By Michael Bolan of the Moscow Dragons RFC
I only remember one upsetting injury that I ever saw on the rugby pitch. A tap-penalty on tour in Edinburgh and the opposition flanker stoops to tackle our loosehead. David might have beaten Goliath, but the outcome of that tackle still raises doubts in my mind. The shock of the impact raised smiles and grimaces in equal measure. But the deathlike stillness of the flanker’s body afterwards quickly put paid to the progress of the game. An experienced coach knew the problem and soon had the guy’s tongue prised from the back of his throat. Somehow, however, the gurgling that came from his bruised throat put a dampener of the competitive spirit of the day. Strange, that. (He turned out to be fine – serious concussion and bruising, but no spinal damage.)
I also remember a guy who used to watch our club 1st XV from the touchline in a wheelchair. A few years older than me, he had apparently broken his back in a school game. Sheer bad luck from all accounts – no malice, no lack of training, no stupidity involved. Just luck. They do say however, that you can’t really train for a car accident, or contracting a serious illness. These both happen a lot more often than serious injury in rugby. Life has its dangers and, as Jim Morrison put it, no one gets out of here alive.
I have read, over the past decade, many articles discussing the stress put on players’ spines in the scrum, the prevalence of broken bones and the extreme danger of playing the sport. (Here's one. Here's another.) I do not know whether such injuries are becoming more commonplace, and if so, if that is because of the new rules that make the game faster. I do know however, that the correct training and tuition can minimise the strain that each particular position causes.
At the age of 17, I moved from wing to prop. For the lay people amongst you, this is the equivalent of swapping 100m sprinting for the shot-putt. (Which I incidentally also did at the same time.) A winger should be a strong runner, with good ball skills. A prop should be a short fat man with legs like tree trunks and a matching neck. Indeed, if by some freak of nature, a man was born without a neck, he would be the perfect prop. A winger sustains the occasional hard tackle whilst running at speed; a prop undergoes constant low-speed battering, often self-induced, as he thuds into equally stocky fellows in an attempt to gain possession of the ball.
Thus, there are obvious differences in the strengths needed for both positions. So why was I allowed to move from one to the other at school? To the position that needed neck and back strength and the most specialised technique on the pitch? Our coaches were not incompetent (one was a former Irish international) but because I looked like a prop (my face caught fire when I was young and my mother beat out the flames with a shovel) they believed I could play the position. During our first team practice in my new position, I was constantly airborne, so high that I could have applied for my pilot’s license. Of course, lifting is now illegal, and no one would think of doing such a thing, but it hurt at the time.
The Seventh Cavalry arrived over the hill in its most bizarre manifestation ever. A parental dinner party attended by a short fat man, full of the humor that seems to be part and parcel of the front row, quickly became a coaching clinic for the battered sons of second rowers. In front of an admiring audience, we went through the rudiments of binding, crouching, engaging, biting, gouging, licking, kissing, headbutting and all the other niceties that occur in the depths of the scrum. And, of course, the tricks of the trade, like eating raw garlic before the match and then breathing on your opponent. Thirty years of playing experience distilled into a post-prandial celebration of informal coaching.

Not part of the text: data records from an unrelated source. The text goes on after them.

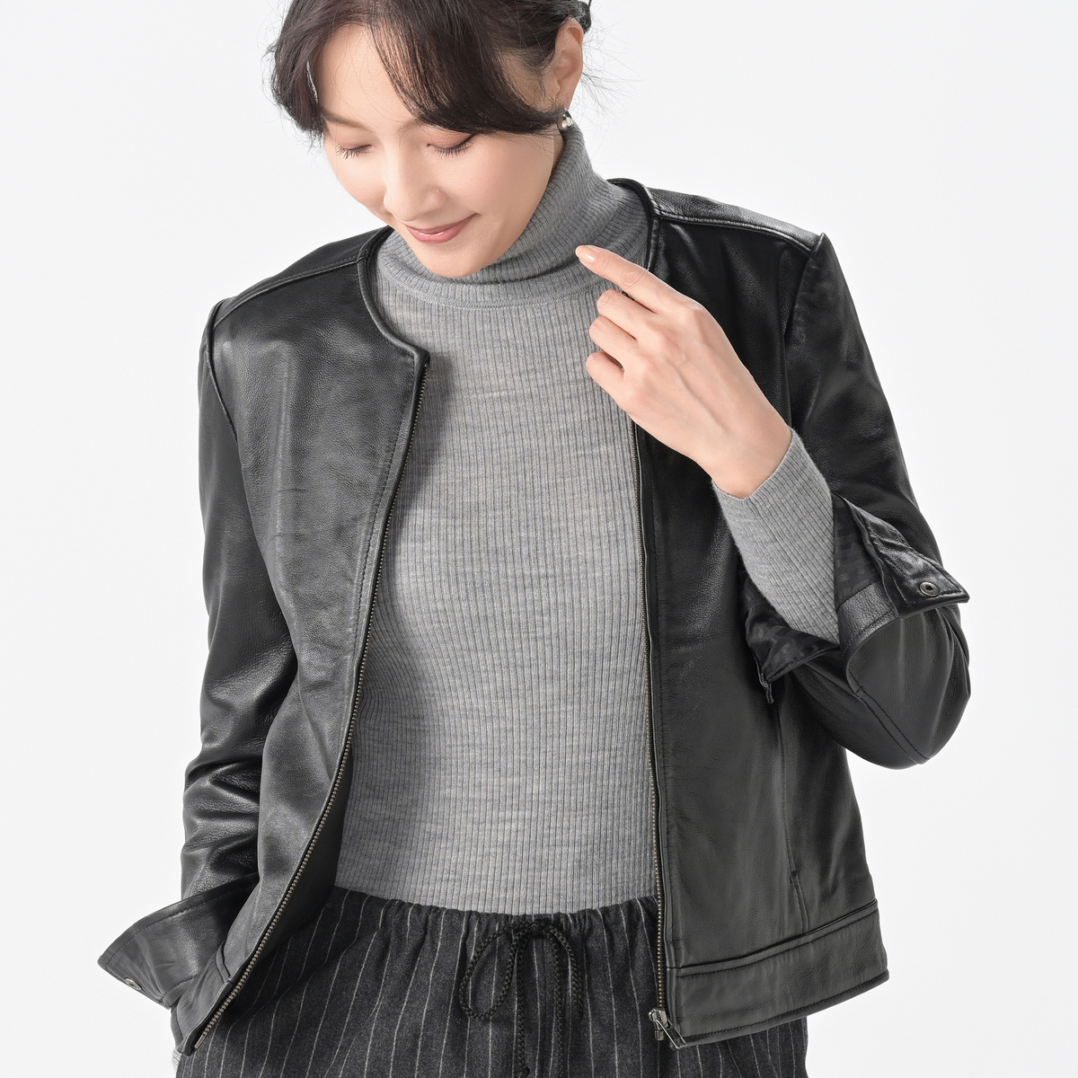 特別に選ばれた羊革を、時間をかけて丁寧に仕上げたジャケット。しっとりとした柔らかな手触りで、着るほどに風合いが増し、本革ならではの経年変化を楽しめます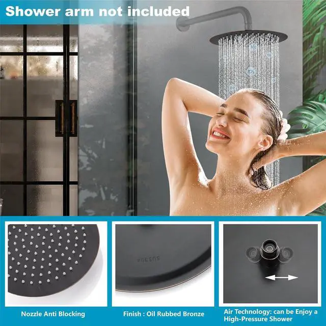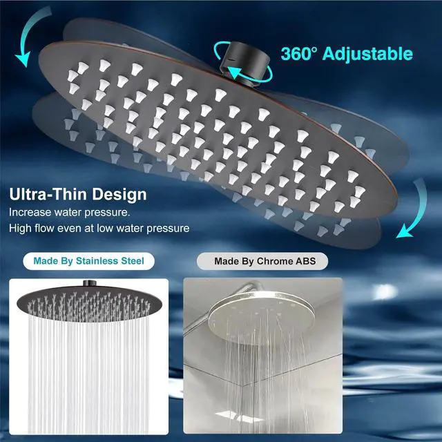 Powerful Water FlowThe water flow of this bronze rain shower head can full cover your body. The thickness is only 0.08 inch ultra-thin.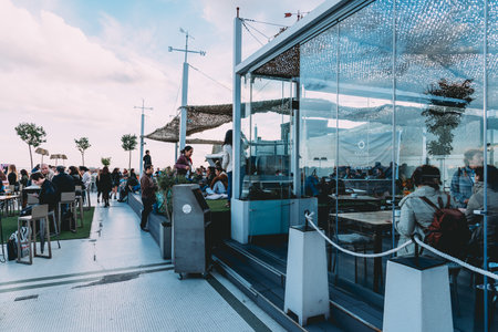 Madrid, Spain - November 3, 2017: People enjoying at cafe on Circulo de Bellas Artes of Madrid rooftop at sunset.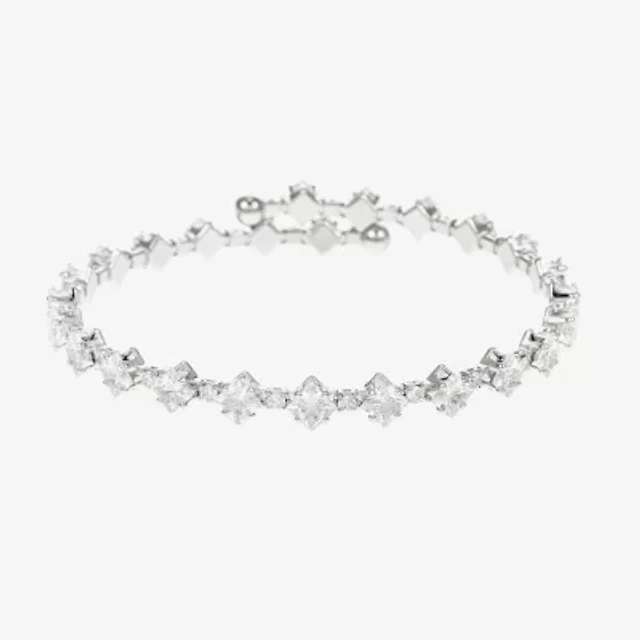 Womens Cubic Zirconia Platinum Over Silver Heart 7.25 Inch Tennis Bracelet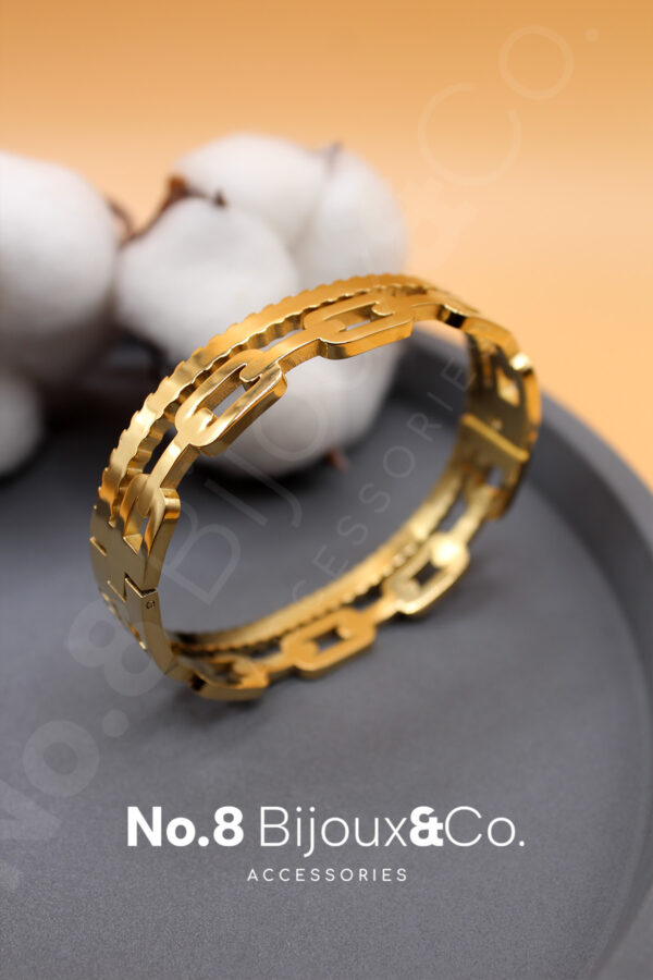 Paslanmaz Çelik Altın Rengi Çift Sıra Zincir Form Detaylı Modern Bilezik (6 Cm Oval İç Genişlik)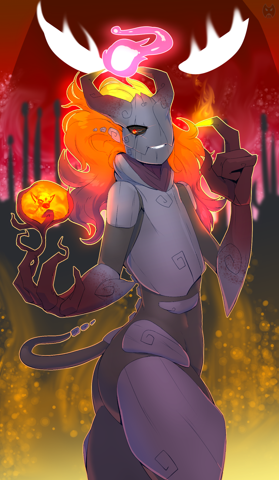 Seriously though that is a a bad ass character design my dude. nice contrast between a villain made of wood and the warm fire vibe.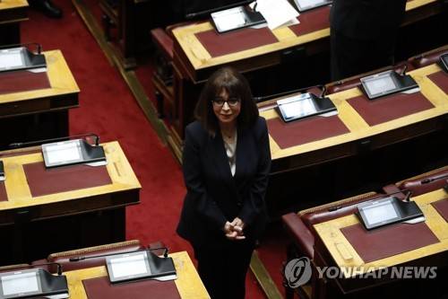 Newly elected Greek President Katerina Sakellaropoulou thanks the lawmakers during the swearing-in ceremony at the Greek Parliament in Athens, on Friday, March 13, 2020. Greece's first female president, a former high court judge, was being formally sworn in to office Friday, nearly two months after the country's parliament voted overwhelmingly to elect her. The swearing in ceremony for Katerina Sakellaropoulou was being held Friday in an almost empty parliament, as part of measures being taken to prevent the spread of the new coronavirus. (AP Photo/Thanassis Stavrakis, Pool)

I was lucky. We continue to accept the fact that rugby is a less dangerous sport than many others, but we could make it safer still, by making sure that coaches know what they are talking about, and if there is no specialized coach for a position, sharing one across schools or clubs, or organizing workshops. I returned to warmth and comfort of the scrum a different young man. In general I could cope with what was being thrown at me, and in turn, was more effective for the team. The correct exercise also helped and now I speak like the grizzled old loosehead that I seem to have become.
What worries me is that we do have the knowledge and skills to make rugby a safer and more competitive game. And we seem to do little about it. Organisation and management of teams and coaching seems to require a Masters in Politics (or the surname Machiavelli), and alienates those very people that we need to keep the incidence of serious injury down. Sure, there will always be a few accidents, but in a way they are the exception which proves the rule. It is a tough game, but also a fair contest. Rugby players everywhere need to think about that, if the game is to grow as we would all hope.